Claudia Tschirren: Ich komme nicht aus der Landwirtschaft und könnte deshalb von meinen Fähigkeiten her die Verantwortung im Betrieb nicht übernehmen, während mein Mann auswärts arbeiten würde. So drängte sich unsere heutige Lösung auf.
Gehen wir davon aus, dass in Zukunft für den Familienverbrauch Einkünfte von rund eineinhalb Stellen nötig sind, so ist es nötig, dass der Betrieb auch in Zukunft Einkünfte in der Höhe von mind. 70 bis 80 Prozent eines normalen Arbeitsplatzes bringt. Wie sehen Sie die Weiterentwicklung im Betrieb?
Christian Tschirren: Das ist ein Thema, das uns stark beschäftigt. Wir sehen heute schon, dass in unserem Betrieb die Tierhaltung eine wichtige Komponente für Arbeit und Verdienst darstellt. So können wir auch in Zukunft nicht darauf verzichten. Im Gegenteil müssen wir uns überlegen, diesen Bereich weiter auszubauen. Der Betrieb bleibt eine wichtige Einkommensquelle und muss deshalb wie auf einem Haupterwerbsbetrieb weiterentwickelt werden.
Claudia Tschirren: Das lässt sich aber so leichter machen, wenn Christian zu Hause ist und ich auswärts.
Christian Tschirren: Andererseits muss der Ausbau im Betrieb wirklich gut geplant sein, damit nicht einfach nur mehr Arbeit anfällt, sondern vor allem das Einkommen auch weiterhin gewährleistet ist. Wichtig ist dabei, dass wir bei der einfachen Betriebsorganisation von heute bleiben oder noch mehr vereinfachen.
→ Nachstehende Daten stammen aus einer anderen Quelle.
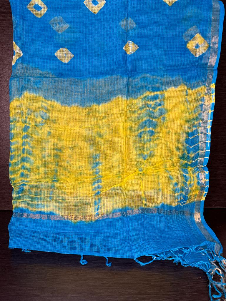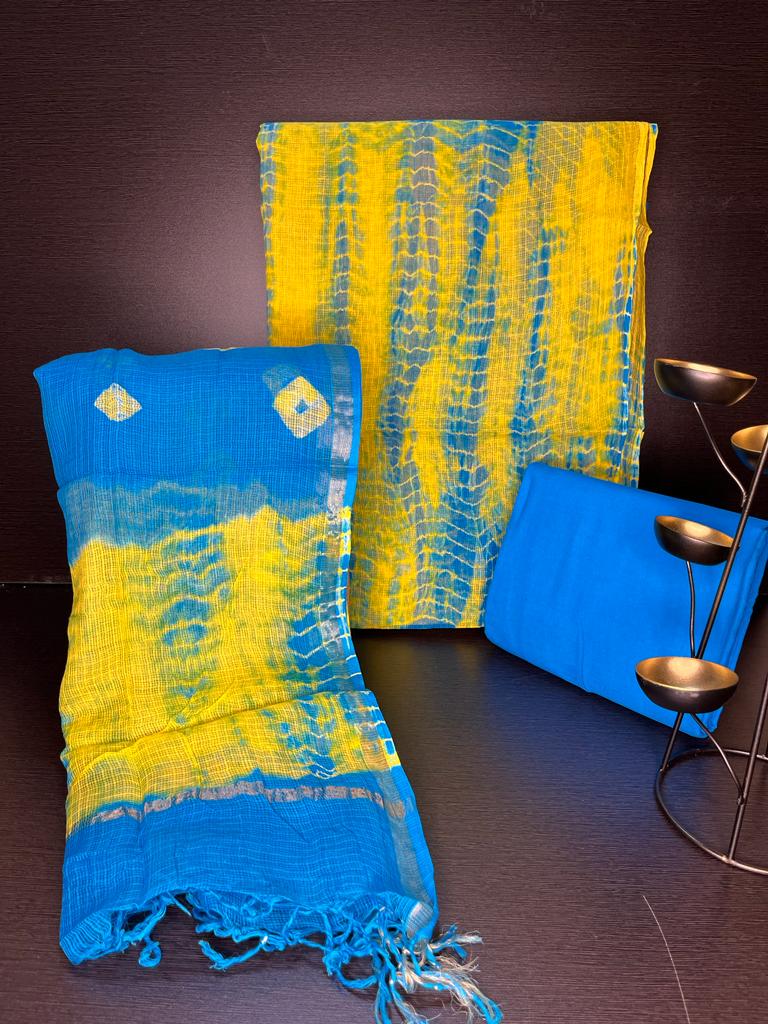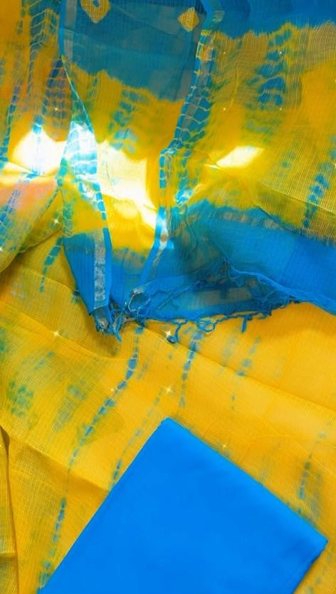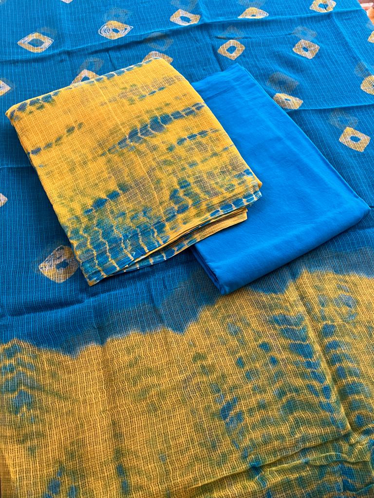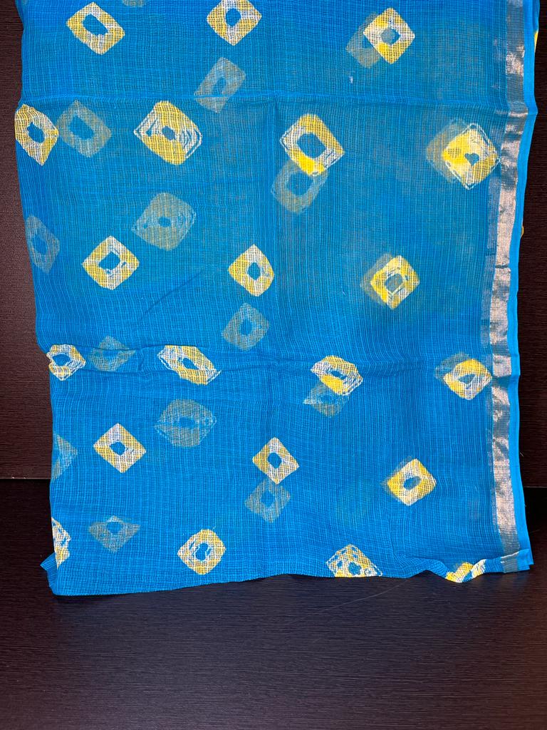 Premium quality shibori print kota unstitched dress material for all your formal & casual needs. Make your dress beautiful with this Pure Kota Doriya dupatta.

Wenn man Ihnen zuhört, ist Ihr Betrieb alles andere als ein Auslaufbetrieb, der so dahinplätschert. Im Gegenteil, es findet eine dynamische Betriebsführung statt, bei der ganz bewusst Frau und Mann miteinbezogen sind, bei der Flexibilität angesagt ist und das gegenseitige Gespräch eine sehr wichtige Rolle spielt. Beide müssen beweglich sein. Während des Gesprächs stellten wir fest, dass eine konkrete Wochenplanung als Umsetzungshilfe gute Dienste leisten könnte. Claudia Tschirren kann nicht vollzeitlich zu Hause Mutter und Hausfrau sein, wie sie sich das idealerweise vorstellte, und Christian Tschirren muss die Welt des Meisterlandwirtes mit der Welt der Hausarbeit in Verbindung bringen. Zu dieser interessanten Aufgabe wünschen wir Ihnen weiterhin alles Gute.